# I would like some suggestions on how to learn more Spanish.



## Alejandro Gonzalez

I need some suggestions on what i should do to practice my spanish i understand basic simple words of spanish and speak it well. Im trying to learn more spanish but i dont know what i should do i was thinking maybe listening to music in spanish and try to write out the words and try to translate them into english but anyone have other suggestions.


----------



## MonsieurAquilone

1.Lessons
2.Books
3.TV over the intenet (there is a website called 'mediahopper' which has all types of tv from around the world
4.Music
5.Radio on the internet.
6.Translation practice
7.Looking around WordReference forums.
8.Trying to write your own compositions in Spanish that can then be corrected by forum-goers of WordReference.

By thew way, welcome.


----------



## MonsieurAquilone

9. Going to a Spanish speaking country.


----------



## GenJen54

Hi Alejandro, 

Welcome to the Forums! 

If you peruse the Cultural Discussions forum, you might find several threads that give advice on learning languages.  

In brief, many will suggest the following:

Immerse yourself in your target language as much as possible - this means finding friends who speak that language, watching tv programs and/or movies in that languge, listening to the radio, reading, etc.

Transcribing lyrics is also helpful as it aids in comprehension, especially if you can find the actual lyrics and then compare your work to the original! It also helps if you have a dictionary handy so you can look up any words you do not understand.

The more you surround yourself with the language you are trying to learn, the faster you will learn. 

You are also welcome to ask specific questions in our Spanish-English Forum.

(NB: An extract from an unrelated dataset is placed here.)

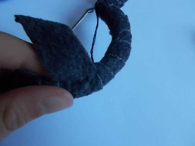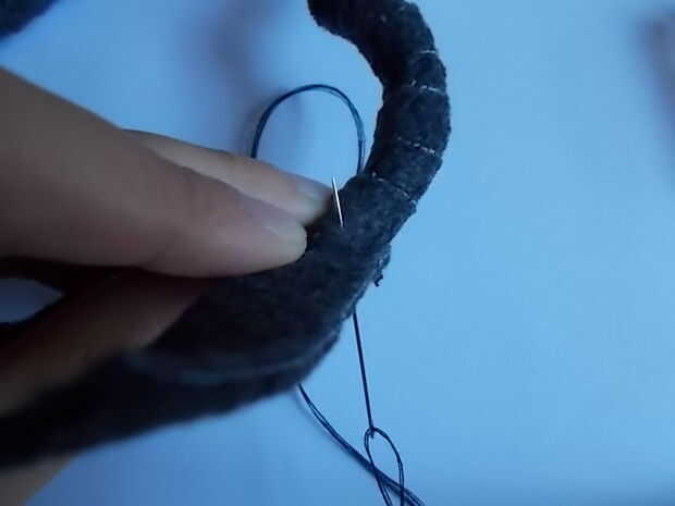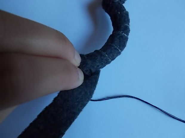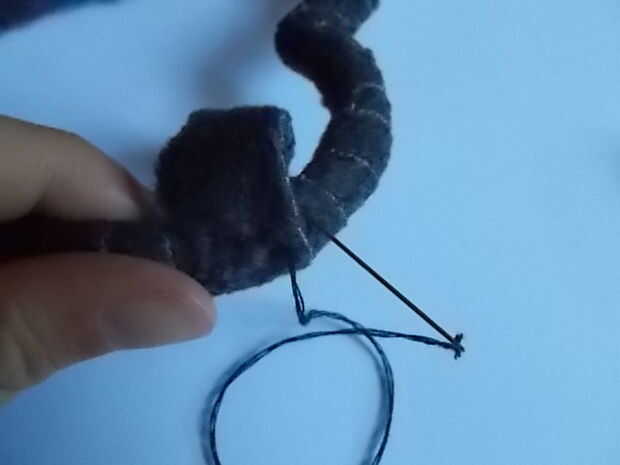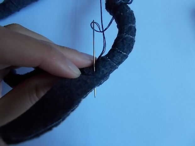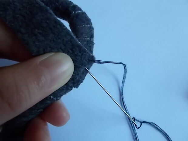 Para finalizar el ajuste, necesita coser el final. Inserte la tela detrás del extremo de la cola, la aguja y el hilo (no olvidar el nudo) y coser hasta el final, inserte la aguja de la tela detrás del extremo de la cola. Ver las fotos de esclarecimiento. Siga cosiendo a lo largo hasta que esté seguro de su seguridad antes de cortar la tela sobrante.

*P.S.*  If you are going to attempt to transcribe and/or translate lyrics for others to discuss, please note Word Reference only allows for four lines of quoted text, including lyrics.  This is in keeping with U.S. copyright law.


----------



## Alejandro Gonzalez

Well thank you all for your input im going to try all of your ideas. Oh and the idea about going to a spanish speaking country actually works cause last month i was in mexico for two weeks and when i came back home i felt more confident speaking spanish and felt like i learned a bit more spanish. Thanks again!


----------



## Cony

Hi Alejandro. The best way is using it daily  with spanish speaker, so i invited you to try to write your post in spanish and ask for correct your mistakes or wording, you will learn that you can say an expression using diffenrent sentences. I am sure that you will improve your spanish, best wishes, Cony.


----------



## MonsieurAquilone

Also, I would have to say: (once you are more confident) try jobs that require you to use the language frequently - perhaps the South American sector of a company of something.  That would be invaluable.


----------



## Sofia29

There are plenty of podcasts that could help you. They're a great way to get short Spanish lessons for free, that you can listen to over and over, whenever you want.


----------



## Tresley

Make a point of learning TEN new words each day and test yourself on ALL 70 at the end of the week to make sure that you have remembered them all.

At the end of the month test yourself again on the 280 words you have learnt!!!

Listen to language learning tapes. I used to borrow them from the library. Repeat everything you hear on the tapes! I repeat! Repeat everything you hear on the tapes!  In doing this you must try and perfect an authentic accent.

Learn the verbs.  Start with the most common (but irregular ones) and make sure that you know them well - ser, estar, hacer, querer, ir, ver, deber.

Read, read, and read as much as you can in Spanish.

Look words up in your dictionary.

Stick post-it notes to things around your house with the Spanish word on it! La ventana = the window, la pared = the wall, el aseo = the toilet etc. Only when you are sure that you can remember the words on the post-it notes, remove them!

When you are feeling confident, find someone who speaks Spanish and talk to them.  Don't be worried if you can't understand what they say back to you (remember that they know more words than you!).  Just ask them to translate what they said and write down the Spanish word(s) that you didn't understand. I used to carry a notebook to write vocabulary in.

When I started to learn Spanish this helped me a lot.  I avoided TV and radio at first, simply because the spoken language was too fast, but after a while I watched Spanish TV and could understand some of it.

Don't give up.  I didn't, and now when I go on holiday to Spain I get much more out of it.  I can talk to people, I can understand, I can read things and my holidays are much much better for it!

Disfruta el idioma!!


----------